Location of the documentation

pandas.read_csv

Documentation problem

I've just noticed that s3fs is required when you read an URL from s3. While it is documented that you can read from S3, the implication that you need to install an extra is not documented.

Also, it would be nice if this was a pandas extra in setup.py (e.g. s3).

Comment From: jorisvandenbossche

The user guide mentions it: https://pandas.pydata.org/docs/user_guide/io.html#reading-remote-files, and the install guide as well: https://pandas.pydata.org/docs/getting_started/install.html#optional-dependencies

I think it would probably be too much to list all optional dependencies in the read_csv docstring as well (S3 is one, but eg Azure or Google Cloud need other optional deps), but we should maybe mention it in general that additional deps might be needed and link to one the other places where this is explained?

Comment From: MartinThoma

I wasn't aware that there are even more 😱

we should maybe mention it in general that additional deps might be needed

Sounds good! Should I make a PR?

Comment From: jorisvandenbossche

Yes, PR very welcome!

Comment From: abdoulayegk

hello, can I make a PR cuz till now nobody makes it yet?

Comment From: MartinThoma

@abdoulayegk Oops, sorry, I forgot. Please go ahead if you want to take care of that :-)

Comment From: alecglassford

  1. Perhaps this has already been noted, but it looks like fsspec also needs to be installed in addition to s3fs or gcsfs (related PR: #34266). This is reflected in the optional dependencies list but it's not necessarily obvious on first glance. It might be nice if the relevant rows noted this requirement, for example (my addition in bold):
Dependency Minimum Version Notes
gcsfs 0.6.0 Google Cloud Storage access (must be used with fsspec)
s3fs 0.4.0 Amazon S3 access (must be used with fsspec)
  1. If you're adding a link in the read_csv docstring to the optional dependencies list, it likely makes sense to add an identical link to the docstrings of other pandas.read_{format} methods. I'm not sure it applies to all of them, but at least pandas.read_json and pandas.read_excel.

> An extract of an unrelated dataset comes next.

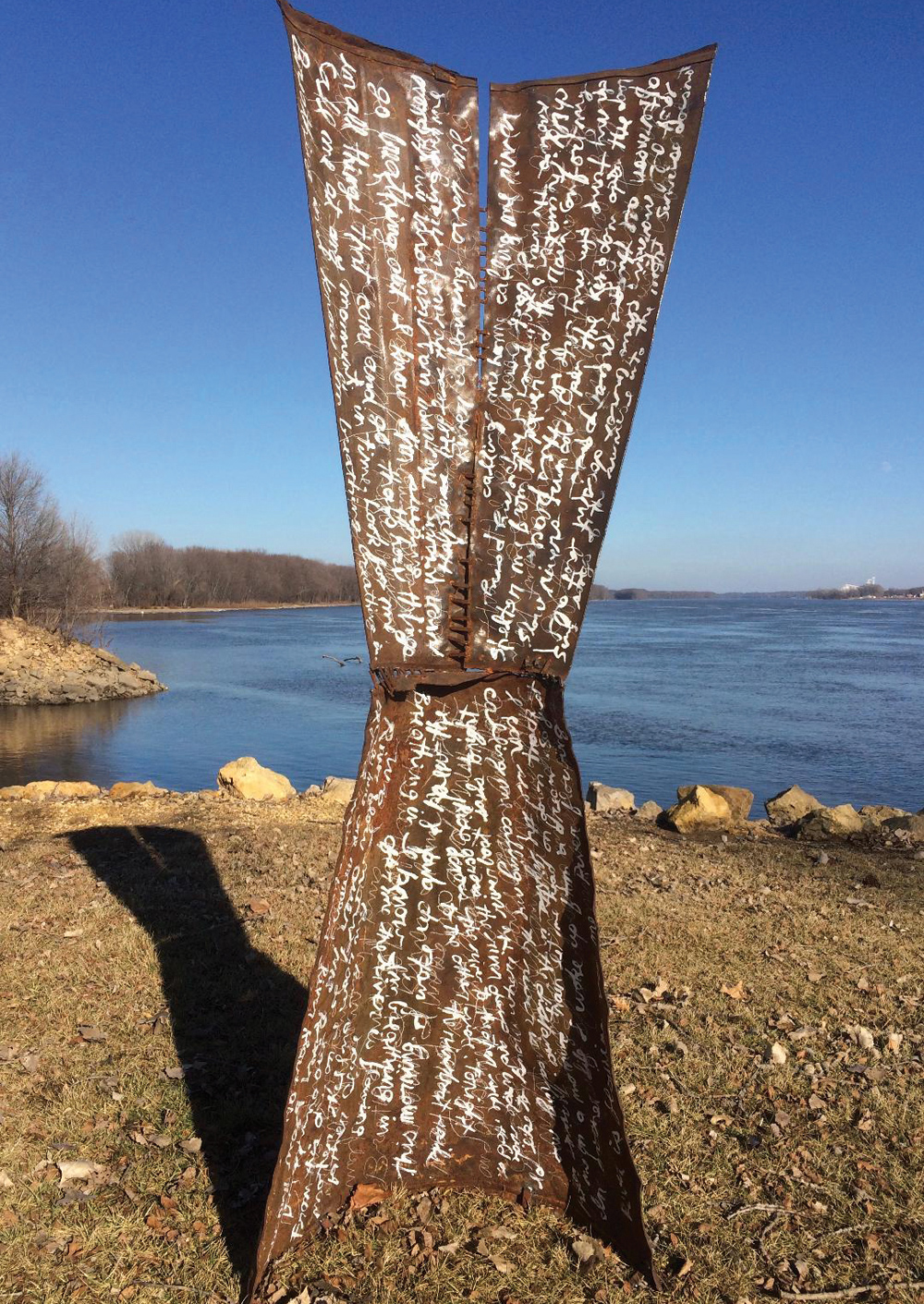Skip Willits – River Palimpsest: This is a found river buoy from the flooded forest of the Meridoshia, re-imagined. A text component was added to the sculpture, no commands, no shocking words, or statements just questions about what it means to live next to the Mississippi. The welding technique used to create most of his work is a skill learned from his father who worked in a welding shop. Skip lives and works on the banks of the Mississippi River.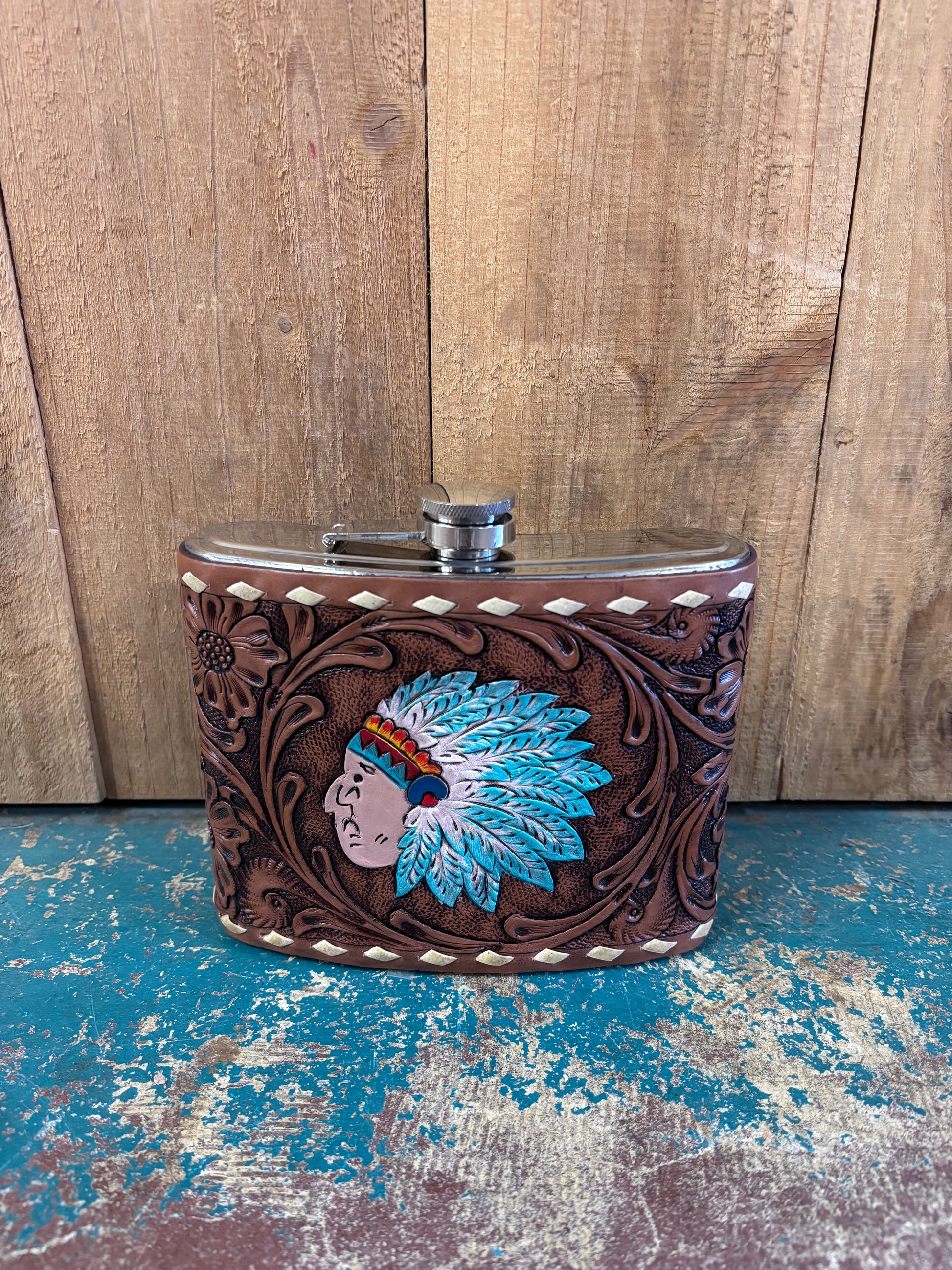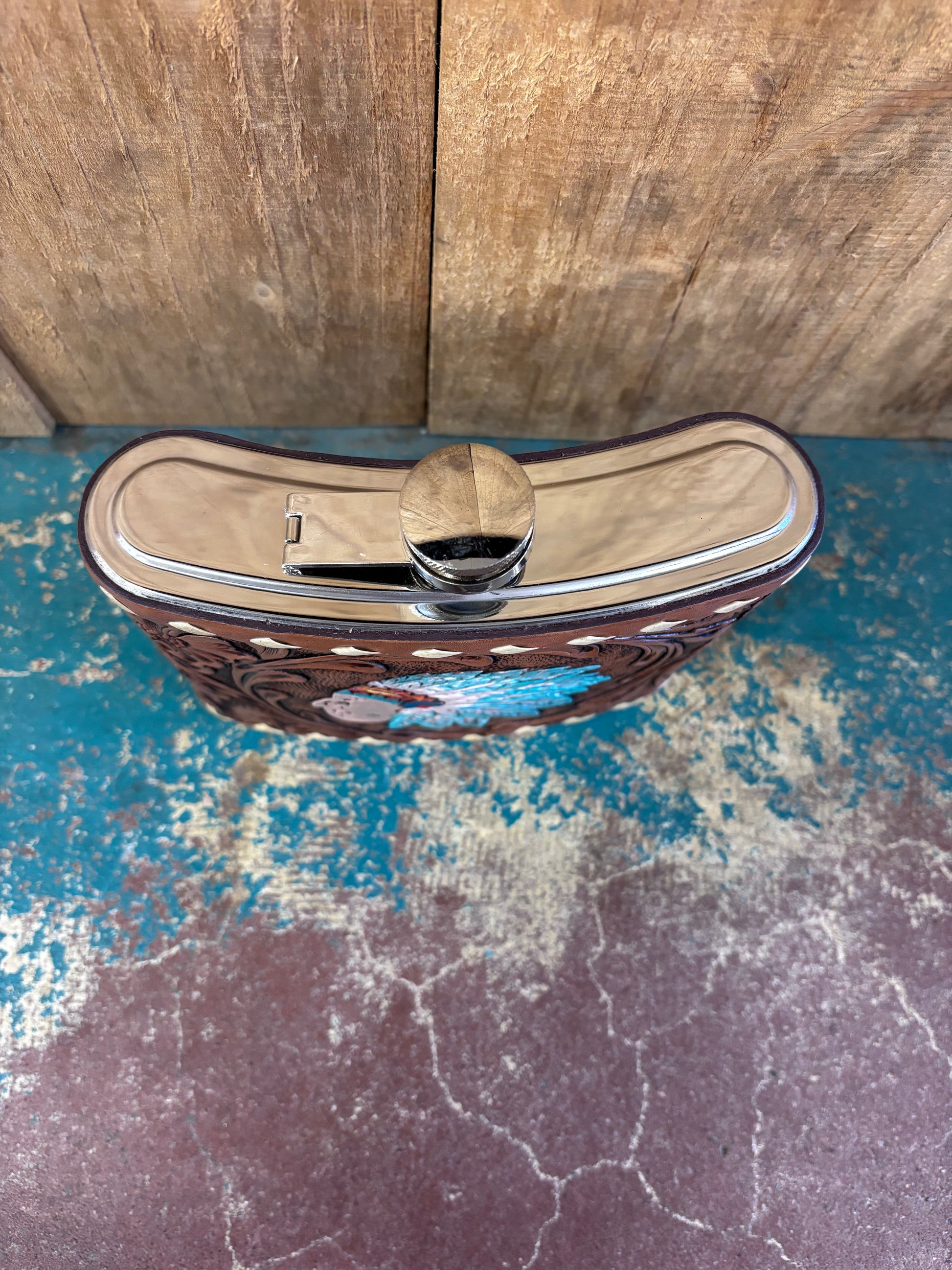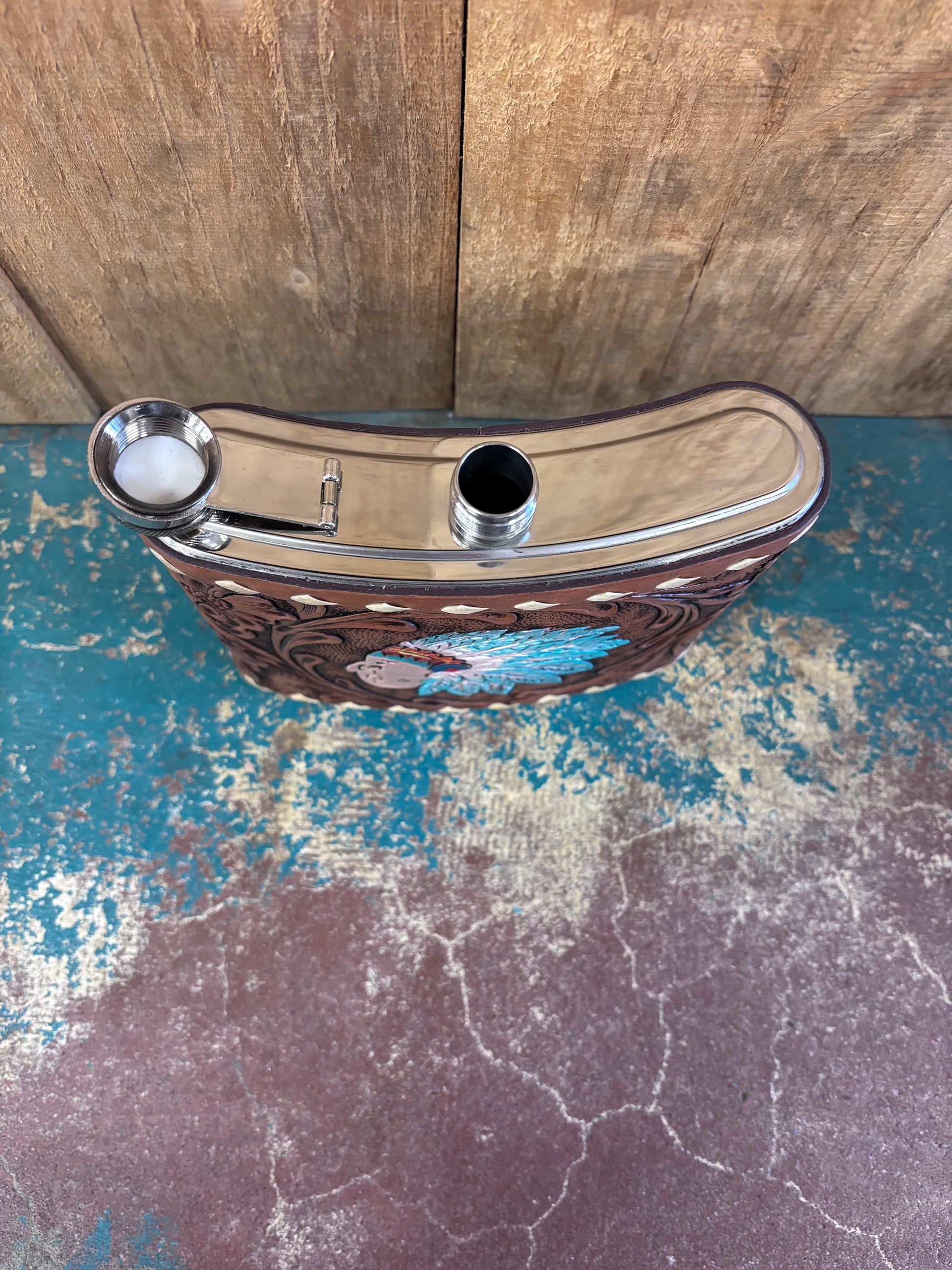 Carry your favorite beverage in style with this handcrafted Flower Tooled Indian Flask. Standing 5.5 inches tall and 7.5 inches wide, it's the perfect portable companion for any adventure. In the center of the flask is a tooled Indian with his eye-catching headpiece. Featuring distinctive buck stitching along the edges and polished silver tops and bottom, this flask combines rugged durability with refined craftsmanship. The secure screw-on lid keeps your drink fresh and protected, whether you're heading to the ranch, the road, or anywhere in between. A timeless piece that proves functionality and artistry go hand in hand.

  2. I couldn't find a list of all the supported filesystems anywhere; the most comprehensive listing I found is this release note. Given that fsspec supports many filesystems, maybe it's not feasible to list them all (and keep up with a potentially growing list); however, the reading remote files section of the IO doc could be updated to link to the fsspec documentation for users to learn about additional compatible filesystems. (Unfortunately, I couldn't find a more concise list of supported filesystems in the fsspec documentation than the source code that I just linked to.)

Sorry if these are beyond the scope of this issue! They seemed closely related, so I thought that I would note these gaps here rather than create a new issue.